### WHAT NEEDS TO BE DONE
Make an exact copy, from the records below, of the lines from the line containing "近日,山東省住房和城鄉(xi" to the line containing "月額料金が高くなるにもかかわ", both lines included, excluding pictures.

### EXERCISE MATERIALS

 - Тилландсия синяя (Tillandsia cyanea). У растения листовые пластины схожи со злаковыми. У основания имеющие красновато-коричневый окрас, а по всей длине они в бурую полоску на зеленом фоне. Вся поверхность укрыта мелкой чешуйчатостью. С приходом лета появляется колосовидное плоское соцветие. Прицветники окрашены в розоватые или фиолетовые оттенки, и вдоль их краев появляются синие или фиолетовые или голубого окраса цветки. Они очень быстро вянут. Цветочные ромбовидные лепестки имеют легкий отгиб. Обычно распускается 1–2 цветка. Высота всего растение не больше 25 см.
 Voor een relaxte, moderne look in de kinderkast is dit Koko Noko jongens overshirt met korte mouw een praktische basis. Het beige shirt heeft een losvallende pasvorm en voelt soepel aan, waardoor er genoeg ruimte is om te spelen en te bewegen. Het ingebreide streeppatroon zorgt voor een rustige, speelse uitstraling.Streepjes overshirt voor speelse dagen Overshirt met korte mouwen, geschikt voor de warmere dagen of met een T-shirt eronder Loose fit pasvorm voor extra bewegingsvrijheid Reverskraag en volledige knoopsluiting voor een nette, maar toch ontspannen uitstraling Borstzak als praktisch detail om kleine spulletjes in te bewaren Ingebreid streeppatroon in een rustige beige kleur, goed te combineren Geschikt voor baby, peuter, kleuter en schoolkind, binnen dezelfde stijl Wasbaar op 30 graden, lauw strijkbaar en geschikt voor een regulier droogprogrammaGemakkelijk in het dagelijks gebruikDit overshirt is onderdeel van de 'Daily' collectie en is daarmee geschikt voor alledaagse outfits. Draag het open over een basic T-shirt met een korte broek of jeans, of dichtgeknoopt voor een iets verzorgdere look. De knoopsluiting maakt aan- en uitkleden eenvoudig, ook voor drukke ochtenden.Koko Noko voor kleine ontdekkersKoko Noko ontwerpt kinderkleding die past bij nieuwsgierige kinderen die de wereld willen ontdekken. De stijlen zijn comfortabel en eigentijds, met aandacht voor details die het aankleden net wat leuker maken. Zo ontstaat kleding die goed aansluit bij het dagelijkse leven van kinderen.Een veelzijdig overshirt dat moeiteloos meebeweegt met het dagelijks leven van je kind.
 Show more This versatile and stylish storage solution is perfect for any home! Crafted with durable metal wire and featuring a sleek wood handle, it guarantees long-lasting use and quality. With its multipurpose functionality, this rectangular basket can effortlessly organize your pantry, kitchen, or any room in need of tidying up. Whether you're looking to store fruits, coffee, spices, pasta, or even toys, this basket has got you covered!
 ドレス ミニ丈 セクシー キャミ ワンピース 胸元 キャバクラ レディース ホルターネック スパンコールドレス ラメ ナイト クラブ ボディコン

==

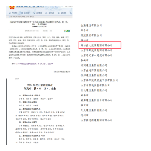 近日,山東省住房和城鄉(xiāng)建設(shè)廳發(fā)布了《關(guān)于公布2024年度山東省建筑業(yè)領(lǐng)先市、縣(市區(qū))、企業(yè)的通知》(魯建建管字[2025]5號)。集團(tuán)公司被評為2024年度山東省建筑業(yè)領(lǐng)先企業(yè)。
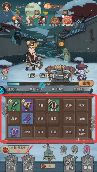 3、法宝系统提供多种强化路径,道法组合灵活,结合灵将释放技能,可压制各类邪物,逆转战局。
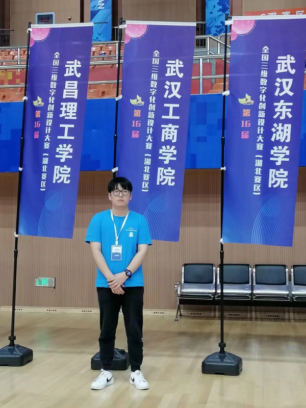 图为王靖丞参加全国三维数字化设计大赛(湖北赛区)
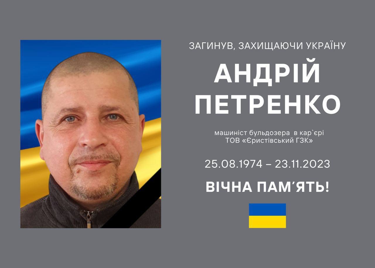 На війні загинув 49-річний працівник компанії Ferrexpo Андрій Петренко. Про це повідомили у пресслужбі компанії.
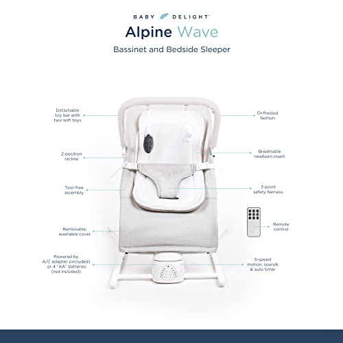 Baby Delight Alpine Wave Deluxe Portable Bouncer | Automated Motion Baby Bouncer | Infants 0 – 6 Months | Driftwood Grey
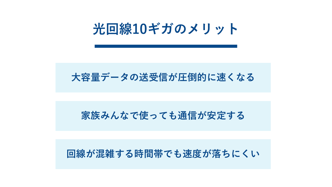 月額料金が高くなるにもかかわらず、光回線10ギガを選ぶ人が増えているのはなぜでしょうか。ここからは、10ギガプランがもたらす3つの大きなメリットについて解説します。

### TASK SOLUTION
 近日,山東省住房和城鄉(xiāng)建設(shè)廳發(fā)布了《關(guān)于公布2024年度山東省建筑業(yè)領(lǐng)先市、縣(市區(qū))、企業(yè)的通知》(魯建建管字[2025]5號)。集團(tuán)公司被評為2024年度山東省建筑業(yè)領(lǐng)先企業(yè)。
 3、法宝系统提供多种强化路径,道法组合灵活,结合灵将释放技能,可压制各类邪物,逆转战局。
 图为王靖丞参加全国三维数字化设计大赛(湖北赛区)
 На війні загинув 49-річний працівник компанії Ferrexpo Андрій Петренко. Про це повідомили у пресслужбі компанії.
 Baby Delight Alpine Wave Deluxe Portable Bouncer | Automated Motion Baby Bouncer | Infants 0 – 6 Months | Driftwood Grey
 月額料金が高くなるにもかかわらず、光回線10ギガを選ぶ人が増えているのはなぜでしょうか。ここからは、10ギガプランがもたらす3つの大きなメリットについて解説します。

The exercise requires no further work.